Kindness of Strangers
A caring gesture gave me hope
I WAS ALMOST UNDONE by the kindness of an elderly flower seller at Sydney’s Central Station one evening.
I was feeling as raw as the chill winds quickening the steps of the commuters who burrowed chins in scarves and hands deep into coat pockets. In many ways, 2018 had proven a tough year – a year of shedding. My teenage daughter had left home for university, my job of 23 years was no more, and a creative project I’d given my all to for years had also been abruptly called off. I also found out a person I’d thought was a friend was far from it.

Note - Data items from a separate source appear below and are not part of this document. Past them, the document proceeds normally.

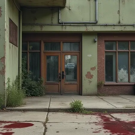 cpollabandbuilding, cpollabbdextent, exterior of corporate building, entrance door, outdoor ,abandoned building, liminal, liminal space, olive green, filthy, damaged, crap, waste, wasted, blood, broken stuff, horror, depressing, death and decay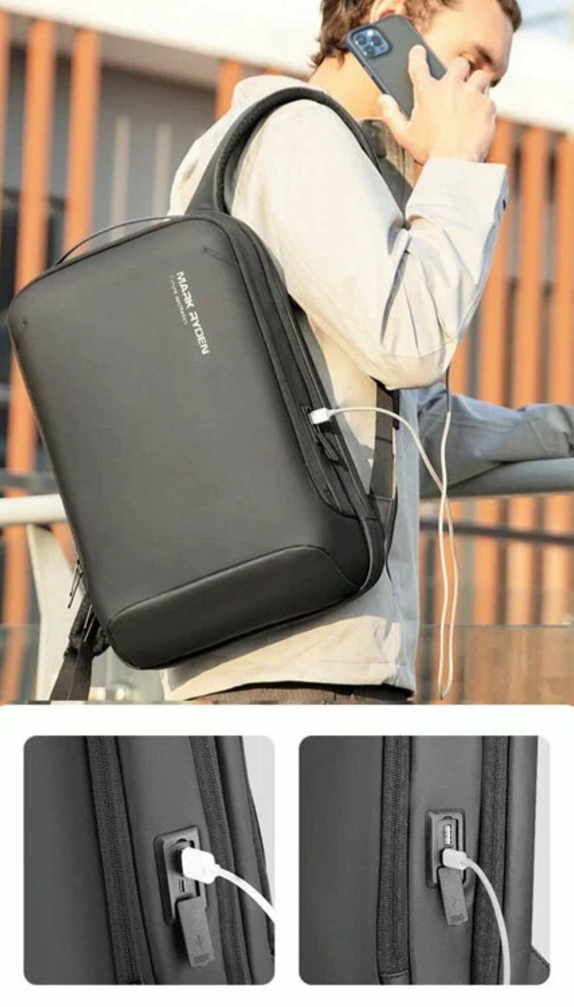 Рюкзак мужской Mark Ryden MR9008SJ 20л, с USB зарядкой, водонепроницаемый, черный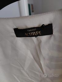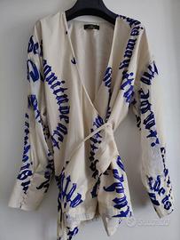 Blusa a portafoglio TWINSET Actitude - Fantasia Lettering Descrizione: Vendo bellissima blusa firmata Twinset (linea Actitude), caratterizzata da un design moderno e ricercato. Il capo è un modello a portafoglio (wrap top) con scollo a V e chiusura tramite laccetti laterali che permettono di regolare la vestibilità in vita. Dettagli di stile: Fantasia all-over con scritte stile "calligrafia" in blu elettrico su fondo bianco/panna. Maniche: Lunghe, rifinite con eleganti polsini alti chiusi da una fila di bottoncini rivestiti (stile retrò). Tessuto: Leggero e fluido, ideale per la primavera o per una serata elegante. Condizioni: Ottime, indossata pochissimo e tenuta con cura. Taglia: [ S o 42] Perfetta da abbinare a un paio di jeans per un look casual-chic o a un pantalone a sigaretta per un contesto più formale.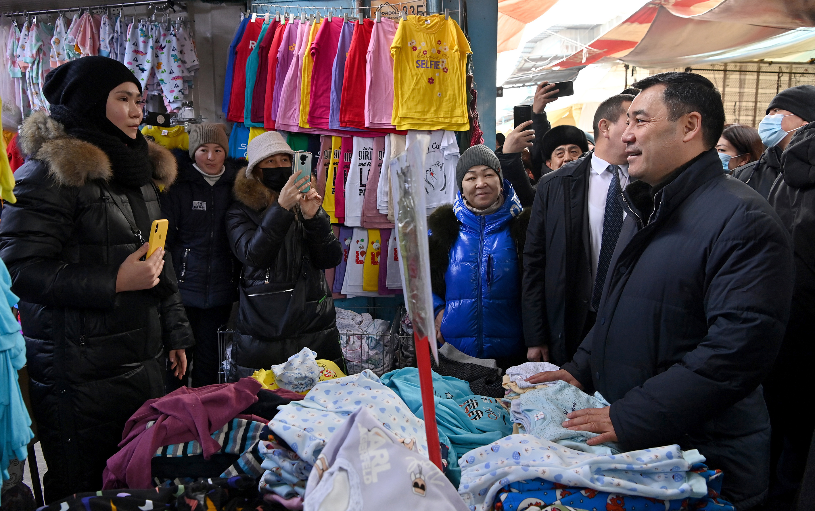Бишкек, 08.02.22. /Кабар/. Президент Садыр Жапаров бүгүн, 8-февральда, Бишкек шаарында жайгашкан “Дордой” соода-базар комплексине жана “Ош базарына” барып, ишкерлер менен көзмө-көз сүйлөшүп, контролдук-кассалык машина (ККМ) системасын ишке ашыруунун жүрүшүн талкуулады жана түшүндүрүү иштерин жүргүздү. Бул тууралуу президенттин басма сөз кызматынан кабарлашты.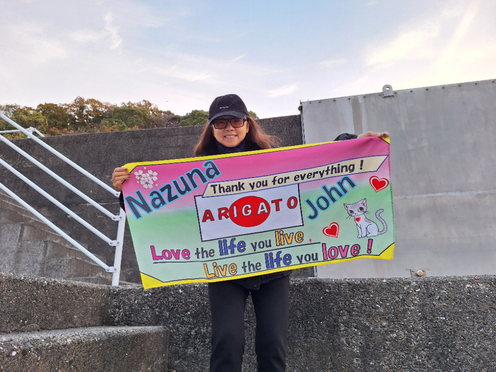 De vele uitzwaaimomenten onderweg zal ik nooit vergeten, maar deze was wel heel bijzonder. Om 7 uur zit ik op de ferry als ik ineens mijn naam hoor. Het is Mari, mijn host, die me komt uitzwaaien met een groot spandoek. Snel nog een selfie op de kade, want de boot vertrekt stipt op tijd. Net voordat we wegvaren, zie ik hoe het spandoek wordt ingewisseld voor de Nederlandse vlag. Wat een prachtig begin van de dag en één van de vele geluksmomentjes.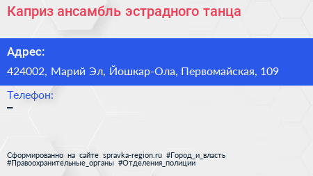 Каприз, ансамбль эстрадного танца по адресу 424002, Марий Эл, Йошкар-Ола, Первомайская, 109 в дальнейшем Организация, размещена в следующих категориях: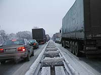 В половине девятого встречный водитель передает по радио: «Всем кто на Питер: между Трубняковым Бором и Помераньем – пробка. Легшая на бок «фура» перекрыла дорогу в двух направлениях. Проезжим остался только крайний правый ряд на Москву»… Виктор констатирует, что «это как минимум на 2-3 часа», и, как впоследствии выяснилось, оказался прав. Я выхожу на дорогу, и едва удерживаюсь на ногах, под ними сплошной лед! В это время между водителями «вставших» автомобилей разыгрывается театрализованное действо по радиосвязи. «Да здравствуют питерские коммунальщики и работа с девяти до шести! Они спят – мы стоим. И нет, чтобы посыпать дороги заранее! Зажрались! Новгородские дорожники – нищие, у разбитого корыта, но и то работают, а не спят до обеда».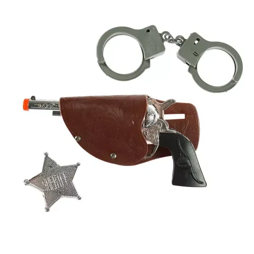 Zestaw akcesoriów szeryfa. W skład zestawu wchodzi pistolet w kaburze, przypinka w kształcie odznaki oraz kajdanki. Kajdanki nie wymagają użycia kluczyka, są bezpieczne podczas zabawy. Zestaw wykonany z tworzywa sztucznego. Doskonały dodatek do stroju policjanta, szeryfa lub jako samodzielne akcesoria na zabawę, bal przebierańców.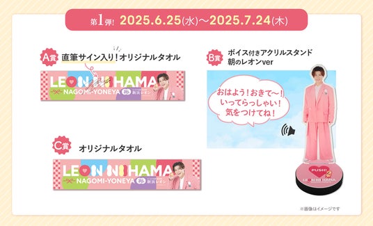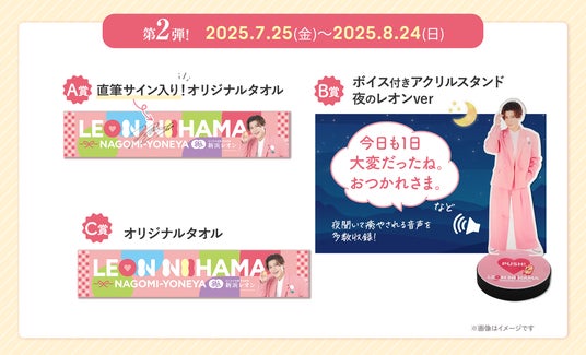 本キャンペーンでは、なごみの米屋直営店で対象商品をご購入のうえ、レシートを撮影・送信いただくと、新浜さんのオリジナルコラボグッズにご応募可能。A賞では新浜さんの直筆サイン入りタオル、B賞ではオリジナルボイスが再生されるアクリルスタンドが当たります。アクリルスタンドは朝ver.・夜ver.の2種類があり、それぞれ第1弾・第2弾で展開されます。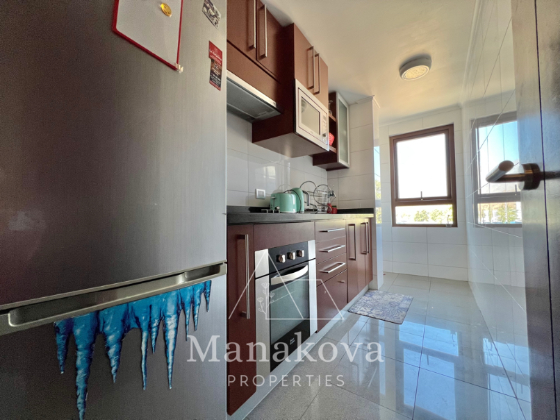 Nuevo y moderno departamento con cocina full equipada con horno eléctrico, encimera, microondas, mesa grande y loggia con conexión para lavadora…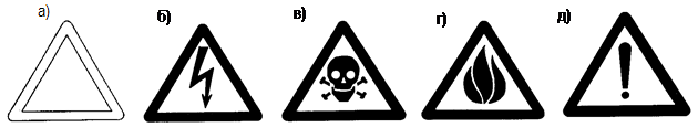 Рис. 2. Предупреждающие знаки: а- общий вид знака; б- осторожно! электрическое напряжение; в- осторожно! ядовитые вещества; г- осторожно! легко воспламеняющиеся вещества; д- осторожно! прочие опасности.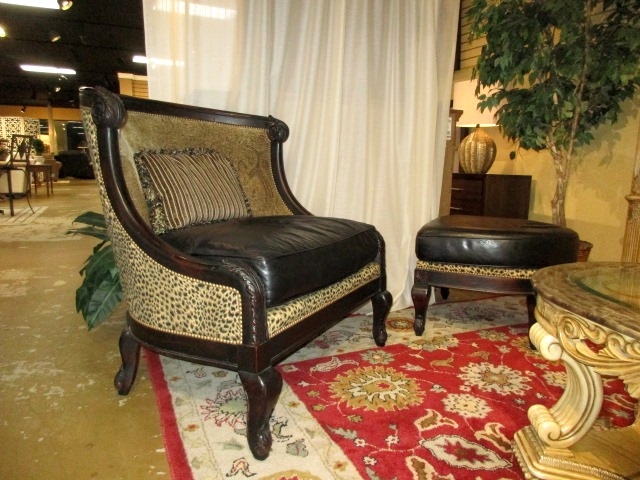 Bentley Churchill chair in an animal print upholstery with black leather seat & matching leather ottoman on dark wood frame. Stunning chair! A focal piece for your room. 41”W x 39”D x 43”H. At posting, we have two.

A year earlier, I’d dreamt about an earthquake. In the dream, a red light flashed inside a building and then the earth began to rock. Walls crumbled and debris rained down on me as I ran into the open, feeling pangs of grief for the people I hadn’t loved enough.
Before I was buried completely by the falling world, I stretched out my hands and shouted, “Abuelo, ayudame,” in my native Spanish. “Grandfather, help me!”
Now, navigating the very real aftershocks of a succession of unexpected endings, I walked into a little flower shop to buy a gift for a friend. The gentleman at the till looked at me and turned away for a moment, returning with a fragrant daffodil. “For you. You need to smile today,” he said in a rich and beautiful accent, offering me the flower with eyes full of extraordinary compassion.
It took all my strength not to burst into tears. Then he wrapped me in a grandfatherly hug that made me want to tell him everything.
Instead, I thanked him and headed for the train. How did he know? I marvelled. For the first time in weeks, I felt steady. I felt hope.